### Exercise directions
Transcribe exactly the lines from the one containing "2. Toggle On" through the end of the data, both included. Leave out pictures.

### Data extract
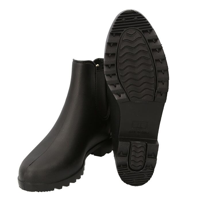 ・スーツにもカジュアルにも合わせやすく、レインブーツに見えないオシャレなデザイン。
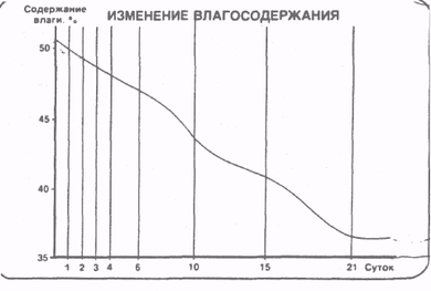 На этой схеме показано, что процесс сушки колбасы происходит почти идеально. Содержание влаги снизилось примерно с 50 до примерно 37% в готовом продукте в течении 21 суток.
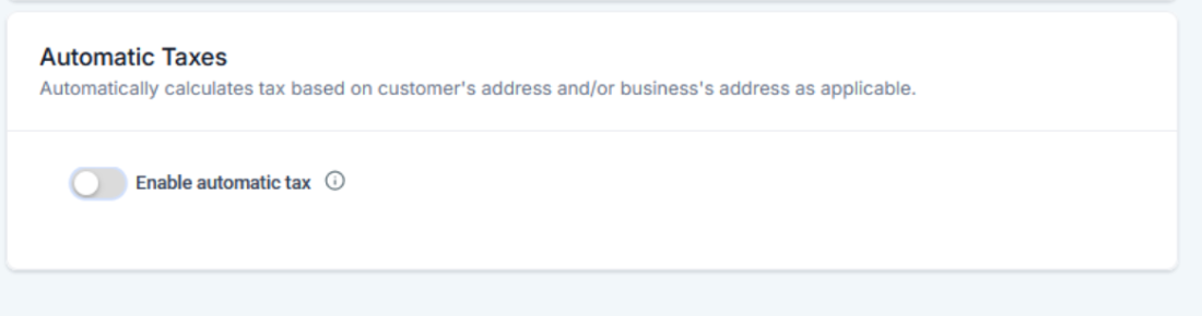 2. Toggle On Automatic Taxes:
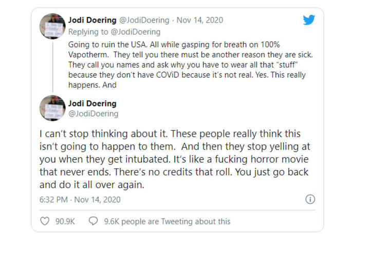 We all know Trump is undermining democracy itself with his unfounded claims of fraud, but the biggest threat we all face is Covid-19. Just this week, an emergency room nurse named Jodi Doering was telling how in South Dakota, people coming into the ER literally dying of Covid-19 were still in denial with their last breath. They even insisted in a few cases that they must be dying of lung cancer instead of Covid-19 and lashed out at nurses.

### Written answer
 2. Toggle On Automatic Taxes:
 We all know Trump is undermining democracy itself with his unfounded claims of fraud, but the biggest threat we all face is Covid-19. Just this week, an emergency room nurse named Jodi Doering was telling how in South Dakota, people coming into the ER literally dying of Covid-19 were still in denial with their last breath. They even insisted in a few cases that they must be dying of lung cancer instead of Covid-19 and lashed out at nurses.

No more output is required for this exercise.